Allorchè fu respinta la proposta di accogliere i Latini nel numero dei cittadini, si scoprì con dolorosa evidenza che la moltitudine non aveva mai votato per Gracco, ma sempre e solo per sè stessa; l'aristocrazia pensò di offrir battaglia all'autore della distribuzione del grano e delle assegnazioni delle terre sul suo proprio terreno.
Già s'intende che il senato offrì al proletariato non solo il grano e ogni altra cosa che Gracco gli aveva assicurato, ma più ancora. Per ordine del senato il tribuno del popolo Marco Livio Druso fece la proposta di bonificare ai detentori dei beni assegnati da Gracco l'imposto censo e di dichiarare le terre loro assegnate libere ed alienabili; fu inoltre stabilito di provvedere alla sorte del proletariato fondando, piuttosto che nei paesi oltremarini, dodici colonie in Italia, composta ciascuna di 3000 coloni, e per realizzare questa divisione fu invitato il popolo a scegliere gli uomini di sua fiducia; il solo Druso – in opposizione al collegio di famiglia dei Gracchi – rinunziò a qualsiasi parte in questa onorevole opera.
Le spese di questo progetto dovevano essere probabilmente sostenute dai Latini, essendo essi i soli in Italia che avessero occupato beni demaniali di qualche estensione.
Troviamo inoltre alcune disposizioni di Druso dirette a indennizzare i Latini di altre perdite e la prescrizione che solo l'ufficiale superiore latino e non l'ufficiale romano, potesse condannare alle bastonate il soldato latino.

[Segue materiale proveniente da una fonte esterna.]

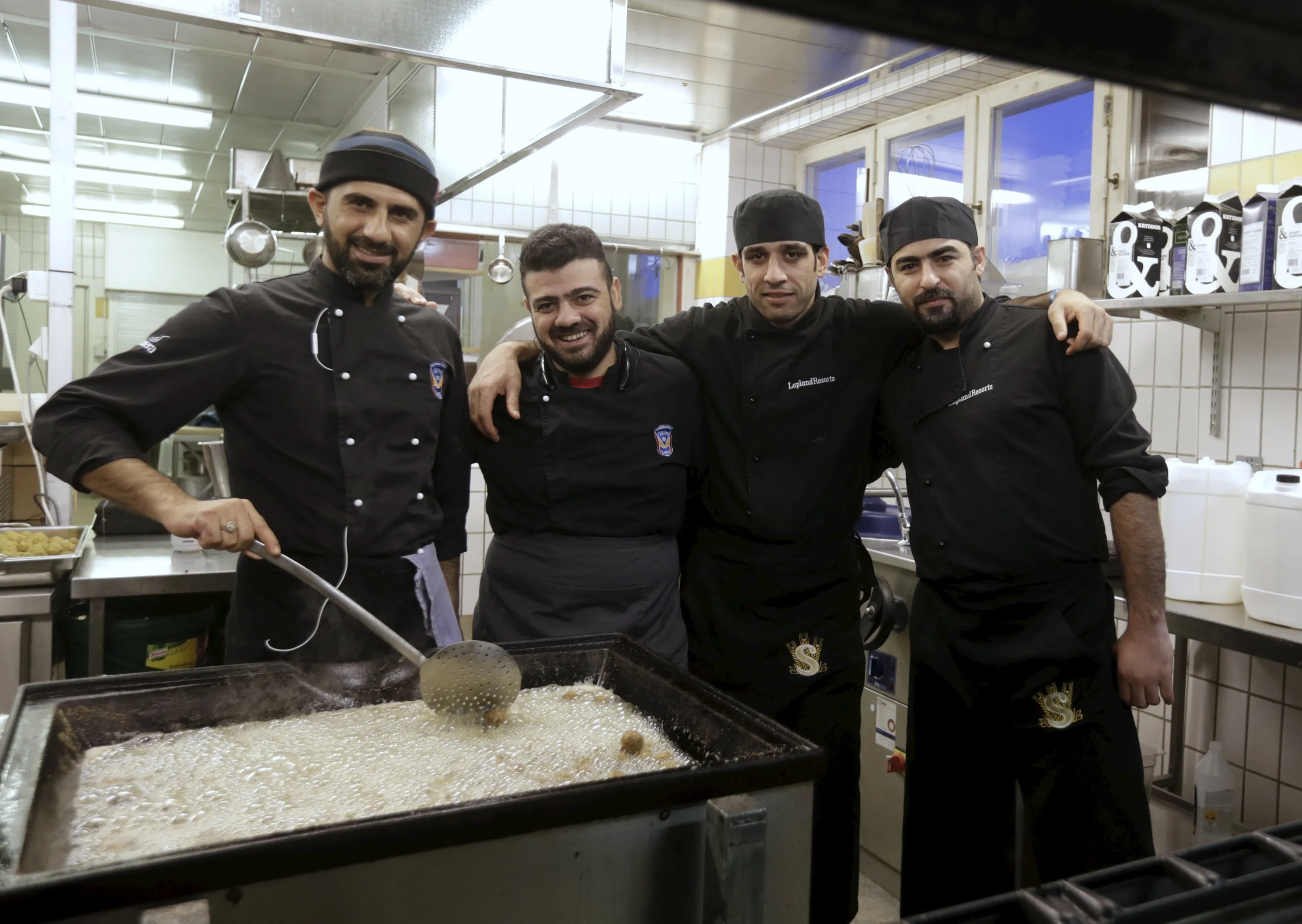 Chief assistants, refugees Wela al-Sumari (L to R), Ali Husein, Mogdad Ajad and Wacl al-Shater, pose for a picture in kitchen in their camp at a hotel touted as the world's most northerly ski resort in Riksgransen, Sweden, December 15, 2015. (Photo by Ints Kalnins/Reuters)

Il disegno non era dei più abili. La congiura era troppo manifesta, troppo evidente lo studio di stringere vieppiù il bel legame che univa la nobiltà al proletariato tiranneggiando maggiormente di comune accordo i Latini. Era troppo naturale che ci si domandasse dove trovare nella penisola – essendo i beni demaniali italici per la maggior parte suddivisi, e anche confiscando tutte le terre ai Latini – il terreno demaniale da ripartirsi tra le dodici numerose e isolate colonie nuovamente costituite; e finalmente la dichiarazione di Druso, di non voler egli impicciarsi nell'esecuzione della sua legge, era così maledettamente furba da parere addirittura stupida.

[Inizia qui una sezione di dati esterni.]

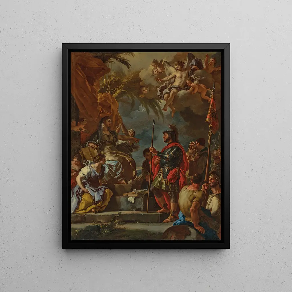 Francesco Solimena, geboren 1657 in Canosa di Puglia, ist einer der bedeutendsten Vertreter des neapolitanischen Barock. Sein Werk ist geprägt von dem Wunsch, Geschichten durch dynamische Kompositionen und expressive Figuren zu erzählen. Solimena hat sich in der Kunstlandschaft seiner Zeit durchgesetzt, viele zeitgenössische und zukünftige Künstler beeinflusst. Seine Fähigkeit, klassische Elemente mit stilistischen Innovationen zu verbinden, machte ihn zu einem Pionier bei der Interpretation religiöser und mythologischer Themen. Seine Karriere, geprägt von Erfolg, zeugt von einem tiefen Engagement für Kunst und Kultur, mit

Pure, per quella goffa belva che si voleva acchiappare, bastava quel laccio grossolano. A ciò si aggiunga la circostanza, forse decisiva, che Gracco, dalla cui personale influenza tutto dipendeva, stava appunto allora in Africa, intento a fondare la colonia cartaginese, e che il suo luogotenente nella capitale, Marco Flacco, coi suoi modi impetuosi e inabili faceva il gioco dei suoi avversari.
Il «popolo», come prima aveva fatto delle sempronie, ratificò di buon grado le leggi livie. Esso ricompensò poi, come era uso di fare, il nuovo benefattore, assestando al precedente un moderato calcio e rifiutandogli i voti allorchè per la terza volta sollecitò il tribunato pel 633 = 121; ma pare che a ciò contribuisse la vendetta del tribuno dirigente l'elezione che era stato in passato offeso da Gracco.
Così fu scossa la base della sua potenza. Ed un secondo colpo lo ricevette in occasione delle elezioni consolari, che non solo riuscirono in generale contrarie alla democrazia, ma misero addirittura alla testa dello stato Lucio Opimio, l'uomo che da pretore nel 629 = 125 aveva conquistato Fregelle, uno dei più caldi e meno timidi capi dell'austero partito dei nobili e fermamente deciso ad allontanare alla prima occasione il pericoloso rivale.
Nè l'occasione si fece lungamente aspettare.